Over the next 3 years, EPS is forecast to expand by 52.9%. The future payout ratio could be 30% over that time period, according to analyst estimates, which is a good look for the future of the dividend.
F.N.B Has A Solid Track Record
The company has been paying a dividend for a long time, and it has been quite stable which gives us confidence in the future dividend potential. The payments haven't really changed that much since 10 years ago. Dividends have grown relatively slowly, which is not great, but some investors may value the relative consistency of the dividend.

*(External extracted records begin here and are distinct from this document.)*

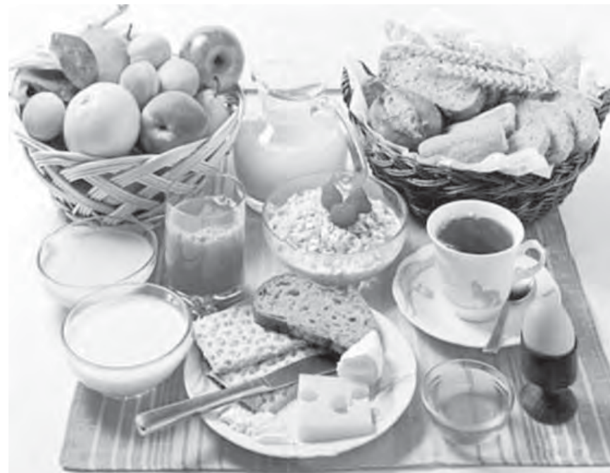
● Правильное питание – лишние годы жизни.

– Сад не считается. Монотонная работа в саду не идет в расчет. Там работает абсолютно другая группа мышц, не влияющая на работу сердца. Люди совсем перестали двигаться. Машины, работа за компьютерами – это отрицательно сказывается на здоровье. Появился ряд заболеваний у работников офисов, которые также приводят к ранней сосудистой патологии. Гиподинамия приводит к застою крови, и могут возникать венозные тромбозы, нарушается вязкость крови и прочее.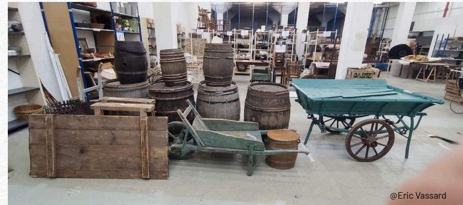
Espace stockage 800m 2 au Studio de la Montjoie sur la série Nourrices / Lincon TV,

Sans base organisée, l'ensemblage devient chaotique = trajets supplémentaires, heures supplémentaires et gaspillage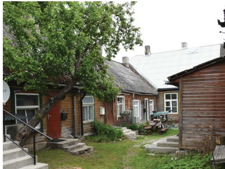
Hubane sisehoov Rakvere muinsuskaitsealal, näha on 18. sajandi teisest poolsest pärit tänavaäärsele hoonele 19. sajandil tehtud juurdeehitused.

Pikk 29 ehk maja, kus omal ajal elas ja töötas Juhan Kunder ning pikka aega tegutses ka Juhan Kunderi selts, on praegu üsna õnnetus seisus. „Kunderi seltsi maja on nõukogude ajal väga ära rikutud. Omal ajal oli sel ilus pilkupüüdev puitpits. Nüüd tuleks tagasi teha koopia. Aga kuidas me väärtustame koopiat? Koopiahoonel ei ole ajaloo mõistes suurt väärtust, küll aga tänava ja miljöö jaoks,“ arutles Lääne-Viru-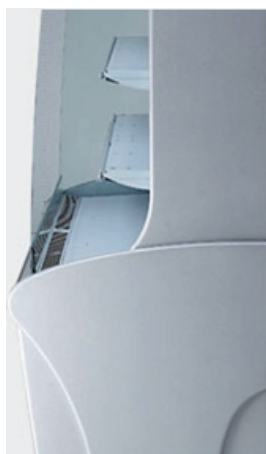
Vu de côté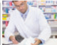
Les marchés hospitaliers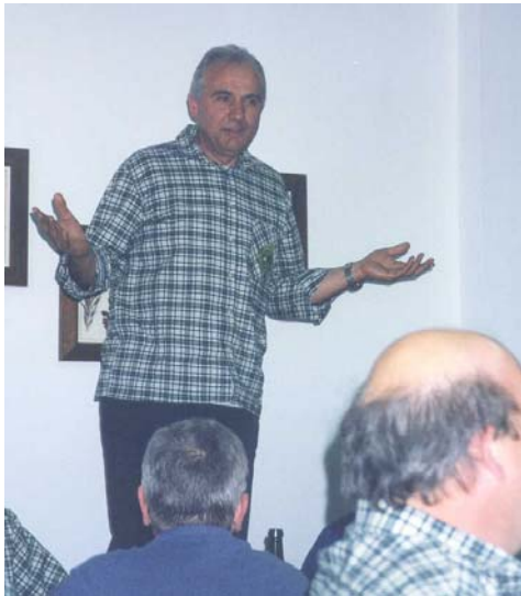
L'Autore al meeting degli scrittori.....

"È con immensa gioia ed orgoglio che saluto la città di Genova, città cordiale ed ospitale, città con una cultura millenaria e marittima, intreccio di molteplici culture. All'interno di questo clima, radicato nella vostra città, ha trovato il giusto posto anche il nostro Tendone espressione del vivere quotidiano, espressione di amicizia anche tra persone con culture diverse. Tendone che accomuna, che ci rende solidali che per un attimo ci fa comprendere quanto è bello poter vivere con poco, quasi niente. In cambio però ci offre molto, ci fa riscoprire il gusto di stare in compagnia, di conoscere e stare a contatto anche con le persone anziane e di vederle sorridere felici con noi. Ed è con questa ricca esperienza che abbiamo caricato il nostro Tendone, lo riporremo nel nostro magazzino, ma nel nostro cuore sarà sempre vigile e presente a farci ricordare questi valori indistruttibili.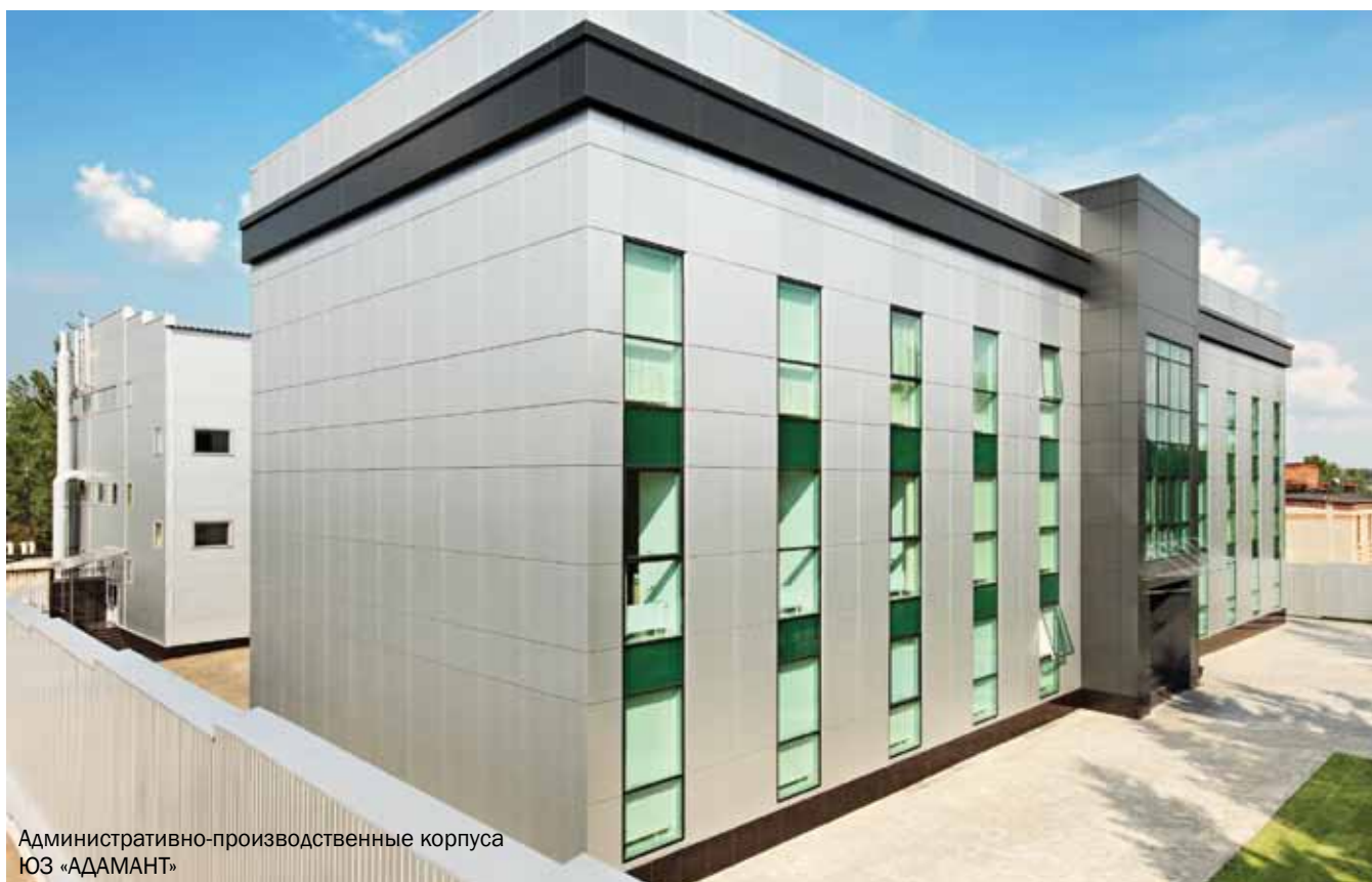
Административно-производственные корпуса ЮЗ «АДАМАНТ»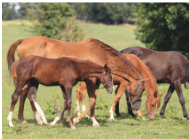
Klisnička Daisy (po Quintar), nar. 24.4.2019 s matkou Gója (Obvod – Goa xx po Monseigneur (USA)

The Dividend Has Growth Potential
Investors who have held shares in the company for the past few years will be happy with the dividend income they have received. It's encouraging to see that F.N.B has been growing its earnings per share at 5.7% a year over the past five years. Since earnings per share is growing at an acceptable rate, and the payout policy is balanced, we think the company is positioning itself well to grow earnings and dividends in the future.
We Really Like F.N.B's Dividend
In summary, it is good to see that the dividend is staying consistent, and we don't think there is any reason to suspect this might change over the medium term. The company is easily earning enough to cover its dividend payments and it is great to see that these earnings are being translated into cash flow. All in all, this checks a lot of the boxes we look for when choosing an income stock.
Investors generally tend to favour companies with a consistent, stable dividend policy as opposed to those operating an irregular one. At the same time, there are other factors our readers should be conscious of before pouring capital into a stock. For instance, we've picked out 1 warning sign for F.N.B that investors should take into consideration. Looking for more high-yielding dividend ideas? Try our collection of strong dividend payers.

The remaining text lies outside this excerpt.